Outside of the city, though, there’s something different. It’s wild and untamed. A resistance, led by a gang of feckless outlaws known as the ‘Fabulous Killjoys’: Party Poison, Jet Star, Fun Ghoul and Kobra Kid. Most of their rebellion is contained to subversive radio transmissions – crackling missives which spread messages of hope, defiance, love and – most crucially – having fun with the help of pirate DJ Dr. Death Defying. Hitching your wagon to these guys is probably your best chance of escape.

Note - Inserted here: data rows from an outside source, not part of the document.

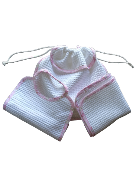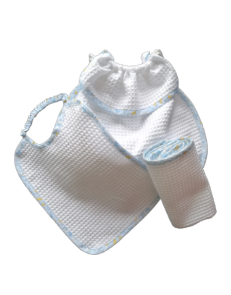 Abruzzo Ricami ha pensato a voi proponendovi questo set asilo personalizzato che coniuga la morbidezza del cotone per la pelle delicata del vostro bambino alla trama del migliore nido d’ ape presente sul mercato per un’ assorbenza estrema e una resistenza oltre ogni aspettativa!
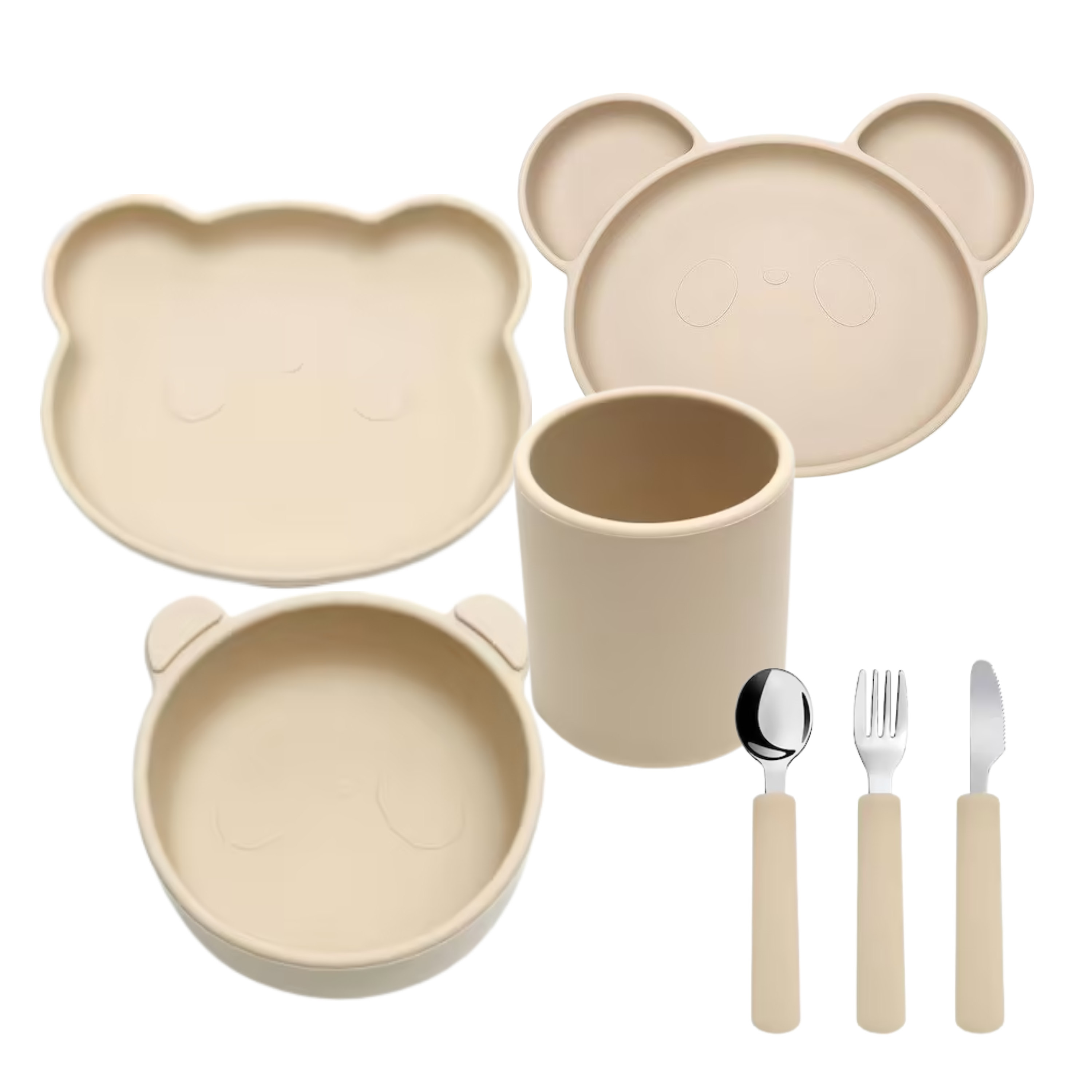 Viacdielna jedálenská súprava navrhnutá špeciálne pre staršie deti. Silikónový riad sme doplnili o príbor s nožíkom na prvé učenie krájania. Súpravu si môžete farebne zladiť podľa seba, a zároveň tak aj ušetriť. Dizajn pandy poteší aj staršie deti a z vlastnej skúsenosti vieme, že tento riad dokážu používať veľmi dlho.
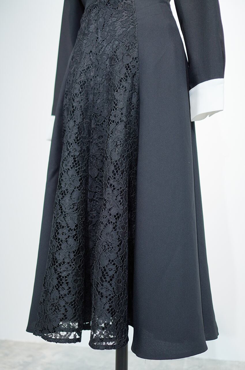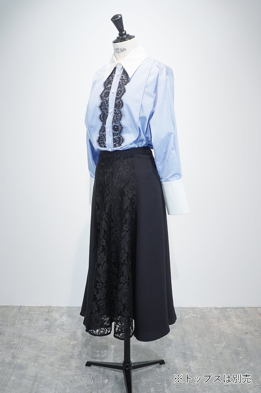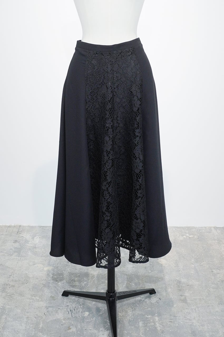前面と後ろにレースの切り替えの、落ち感がエレガントなスカート。
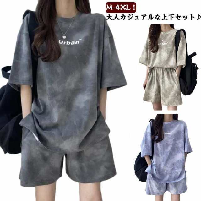 夏 可愛い 半袖 薄手 レディース スウェット 上下セット ルームウェア Tシャツ 半袖 セットアップ ジャージ プリント tシャツ ハーフパンツ 2点セット ルームウェア 部屋着 染め ゆったり 大きいサイズ スポーツウェア 運動着 韓国ファッション カジュアル
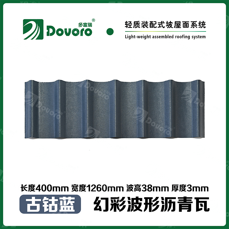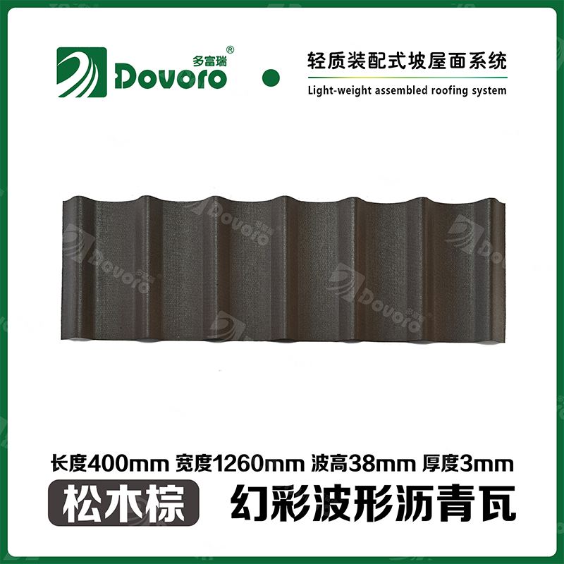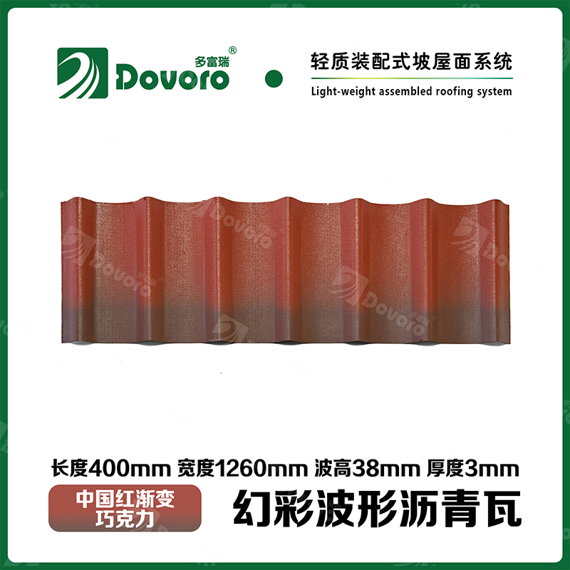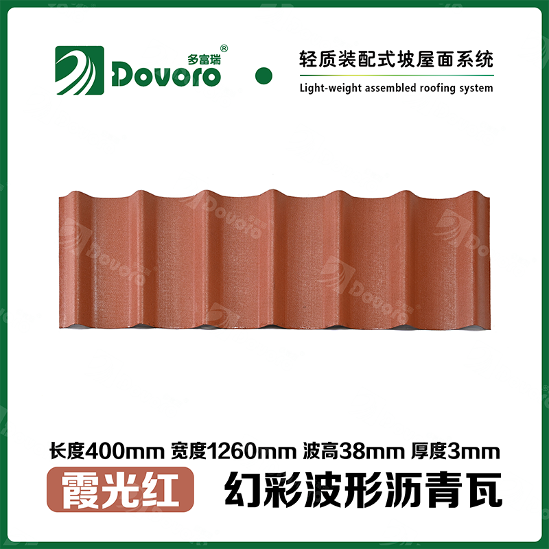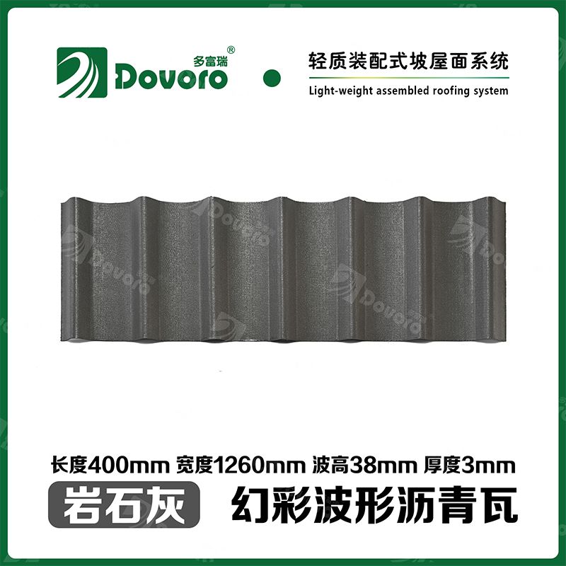 多富瑞幻彩波形瀝青瓦是由礦植物纖維板經(jīng)過整形后浸漬瀝青而成,一次成型的基層板在高溫下浸漬瀝青,使瓦材整體性更加牢固;熱固性樹脂保證了瓦材的強(qiáng)度和剛度;進(jìn)口原料配合先進(jìn)的著色工藝確保顏色持久、混色噴涂工藝使瓦材外觀高雅、色彩美觀、立體質(zhì)感。
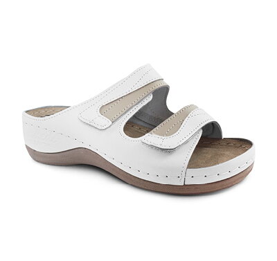 Celokožená zdravotná obuv s anatomicky vytvarovanou gelovou vložkou. Protišmyková podrážka s antishokom. 4 cm podpätok. CE ISO 20347:2012 certifikovaná zdravotná pracovná obuv.
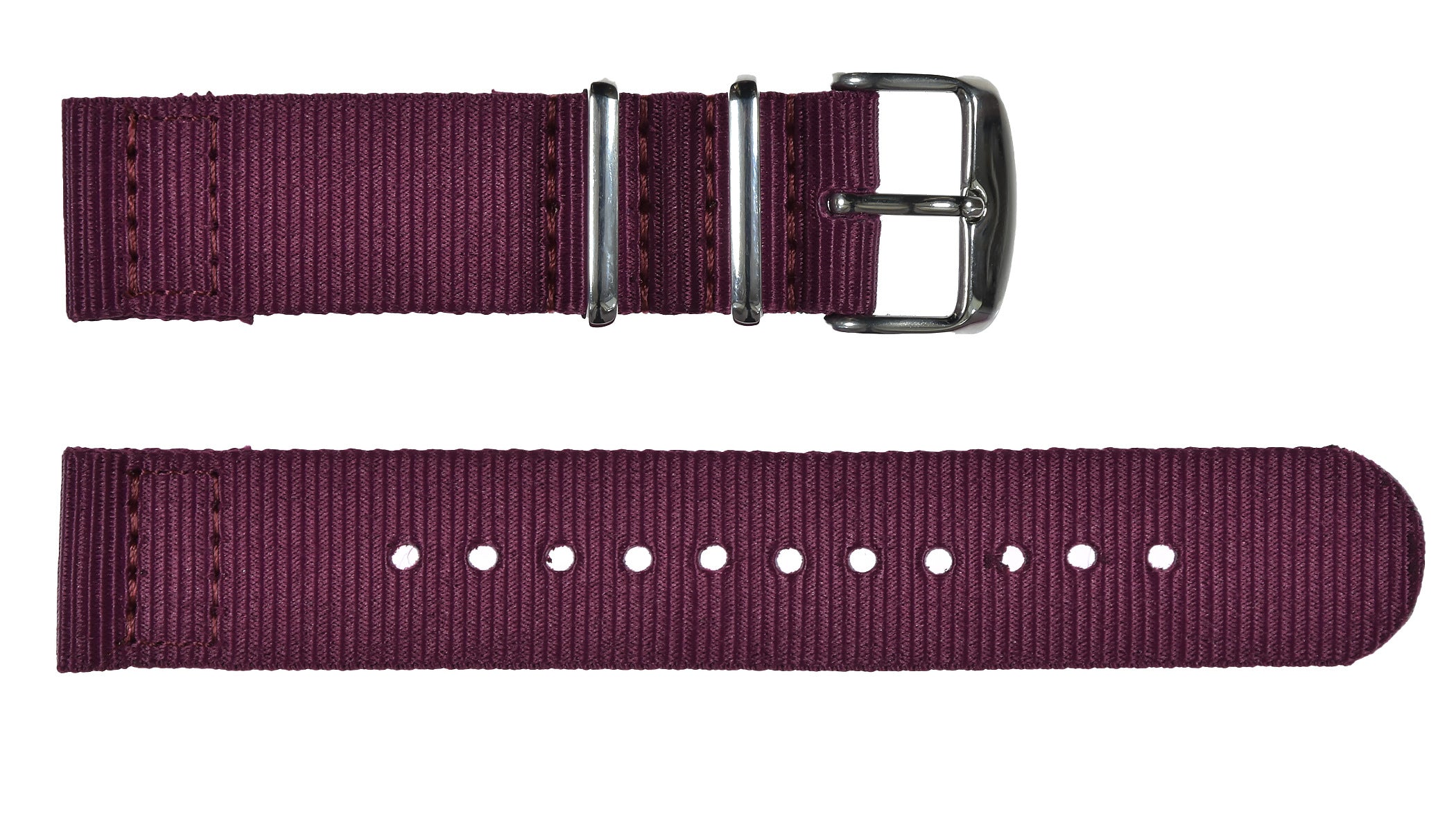 Classic 2 piece variant of the standard NATO Watchband made from fast drying ballistic nylon webbing with stainless steel fasteners. This high tech material is ideally suited for use in military watch straps because it is robust, comfortable and long-lasting. The two-piece NATO strap is a great alternative to the one-piece variant and potentially works better on some models.

Today, though, the Killjoys look knackered – and there are only three of them here. Perhaps the fourth one got zapped by some intergalactic highwayman on the way here? Party Poison – aka Gerard Way, lead singer of My Chemical Romance – sits perched on the end of a couch, clad all in black with his natural dark roots splayed with shocks of blood-red hair dye. On the right reclines Kobra Kid, normally known as Mikey Way (bass player and Gerard’s younger brother), who is popping a soluble vitamin into his glass of orange squash. And hunched up in the middle is Frank Iero, alter-ego of Fun Ghoul. Mikey’s glass fizzes. "That shit is smoking," says Frank. "It’s like some kind of potion!" laughs Mikey. "Wow, that’s like some shit from The Munsters," concludes Gerard. "The stuff that Grandpa would mix up…"

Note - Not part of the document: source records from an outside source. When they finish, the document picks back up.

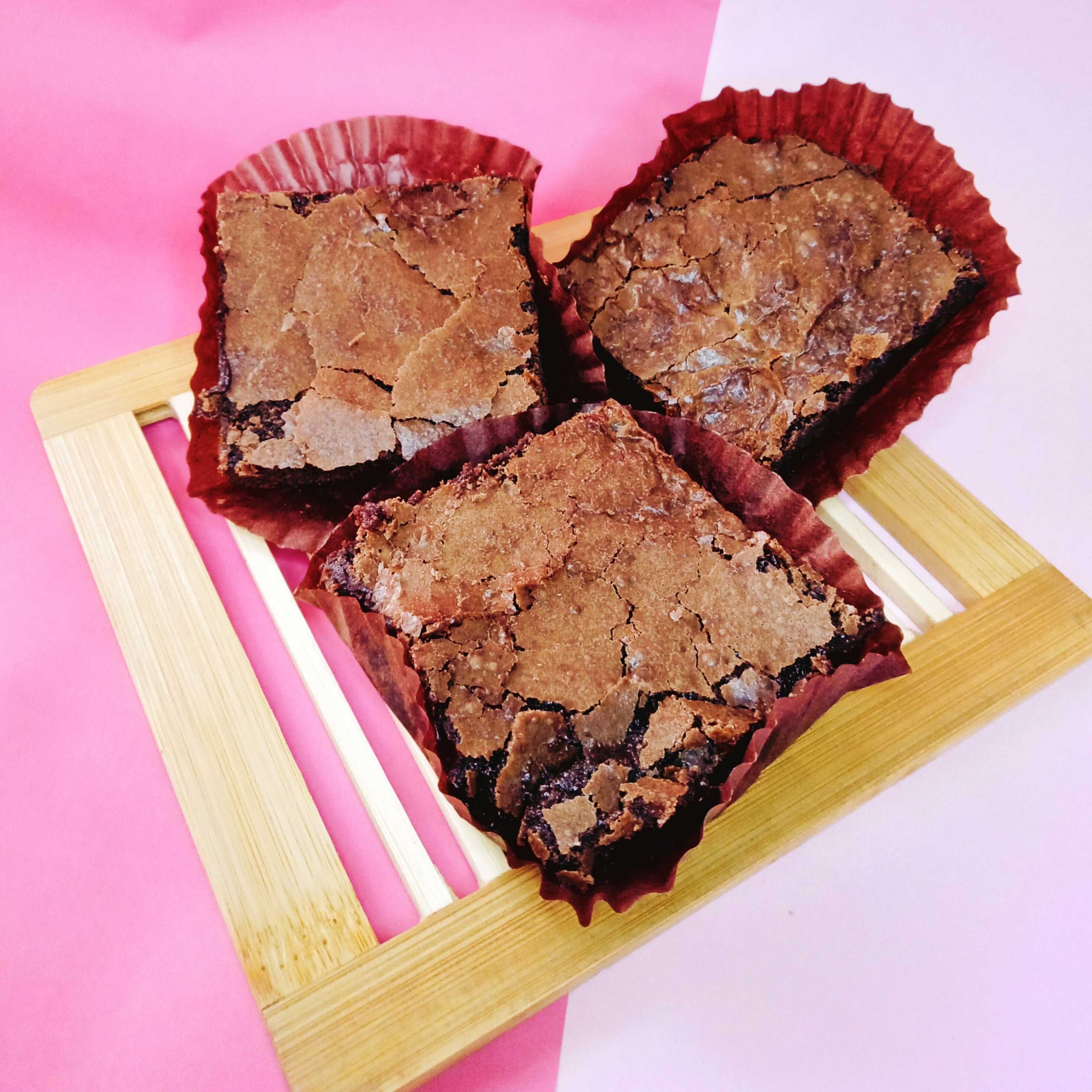Brownie melcochudo de chocolate de 7 x 7 cm.
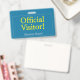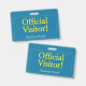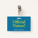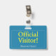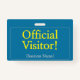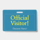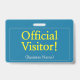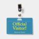 Dieses berufliche Abzeichen-Design enthält die Meldung "Offizieller Besucher!" und einen benutzerdefinierbaren Firmennamen oder eine andere benutzerdefinierte Nachricht. Es verfügt auch über einen Single-Rahmen mit abgerundeten Ecken. Ein Abzeichen wie dieses könnte verwendet werden, um anzuzeigen, dass ein Besucher oder Gast an einem Arbeitsplatz dort sein darf. [~Z0000307]
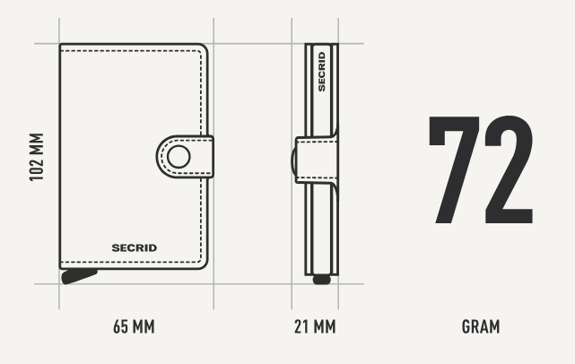Small in size and surprisingly large in storage capacity, the Miniwallet combines the best of both worlds. The exterior holds banknotes, receipt and cards, while the aluminum Cardprotector allows you to slide out cards with one simple motion and protects them from bending, breaking and unwanted wireless communication.

A week from today, My Chemical Romance will release their fourth album Danger Days: The True Lives Of The Fabulous Killjoys. Like their last album The Black Parade, which was released seemingly an eternity ago (in reality it was only 2006), it’s heavily focussed on a fantasy concept. But if The Black Parade saw them labelled as dark, depressing and as the heads of a dangerous cult corrupting fragile young minds, then Danger Days… is a more straightforward exercise in simply having a good time. The conceits of defiance and rebellion take a backseat to the more traditional rock & roll aim of having fun, as evidenced by the title of lead single ‘Na Na Na (Na Na Na Na Na Na Na Na Na)’; there’s no grand message to buy into here, and adrenaline is more important than intellectualising. That’s not to say there aren’t some lofty ideals involved, though.
"A lot of the elements of the setting are completely metaphorical for the real stuff that’s going on in this album," explains Gerard, "which is a struggle of art vs. commerce and filth vs. corporate clean up, and freedom being a dangerous chaotic thing that’s very hard to achieve, versus a kind of utopian situation where you’re very safe and everything’s very easy, but it’s also very boring."

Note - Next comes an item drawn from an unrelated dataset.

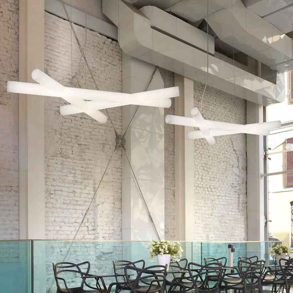 Mesh ist eine Pendelleuchte, die sich eher für die Einrichtung von Innenräumen eignet. Es besteht aus drei gekreuzten Elementen, die es ermöglichen, sie nebeneinander zu platzieren und so je nach persönlichem Geschmack und Raumgröße variable Muster zu schaffen. In Italien hergestelltes Einrichtungszubehör, das Ihren Raum gleichmäßig beleuchtet, ohne auf Originalität und Stil zu verzichten.
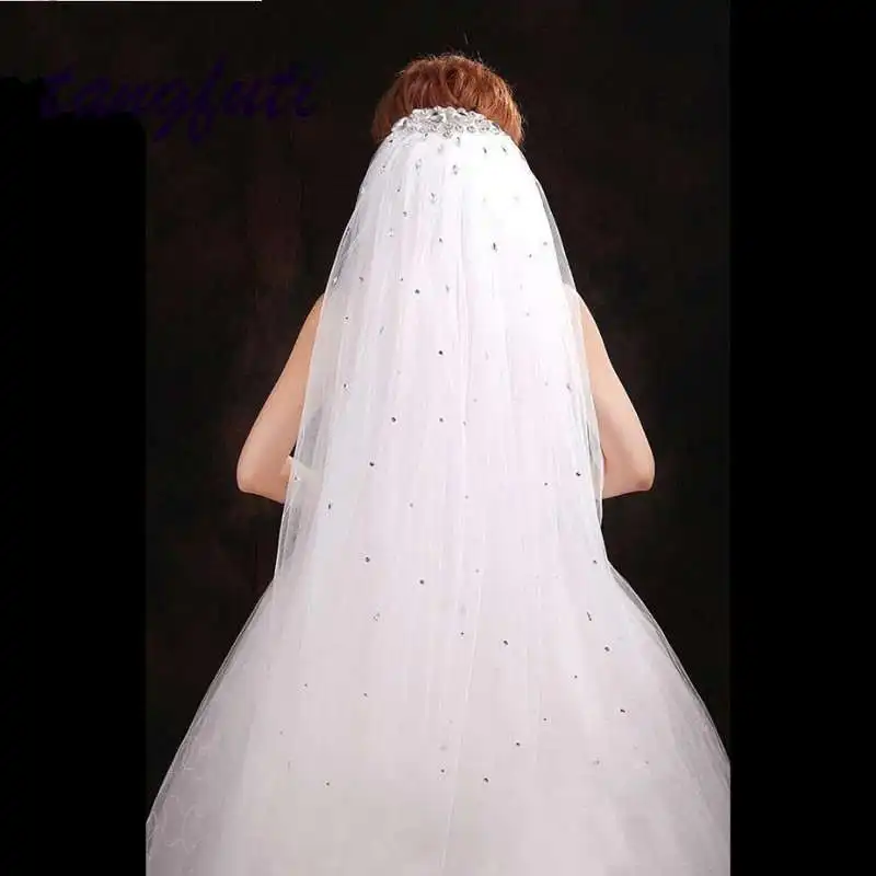 2016 Rhinestone Soft Tulle White Ivory Wedding Veils With Comb

Mikey chimes in. "We found that not having a concept in the songs kind of liberated things, and the lyrics were so much more direct. There wasn’t a metaphor going on; it was more like grabbing the listener by the collar."
Even without the video for ‘Na Na Na (Na Na Na Na Na Na Na Na Na)’ – a pop-punk take on Mad Max which sees Gerard and co rocking futuristic garb, holstering space guns and blowing through the desert in souped-up vehicles – you’d find it hard to miss the sci-fi and fantasy setting that runs throughout Danger Days. But it’s also hard to accept on face value; there must be some sort of allegory at work here, surely, rather than a group of men simply wanting to play dress up. And with the world a pretty fucked-up place right now…
"Of course," Gerard nods. "Uh-huh. It was our take on it: us directly being slowly and gradually assimilated into that 30-something safe-rock culture."
So now growing old gracefully for My Chemical Romance?
"That’s the best way to put it," he agrees. I remember someone saying to me at one point: ‘Don’t grow up now. You have your whole life to grow up. Don’t be that band, you guys aren’t that band’."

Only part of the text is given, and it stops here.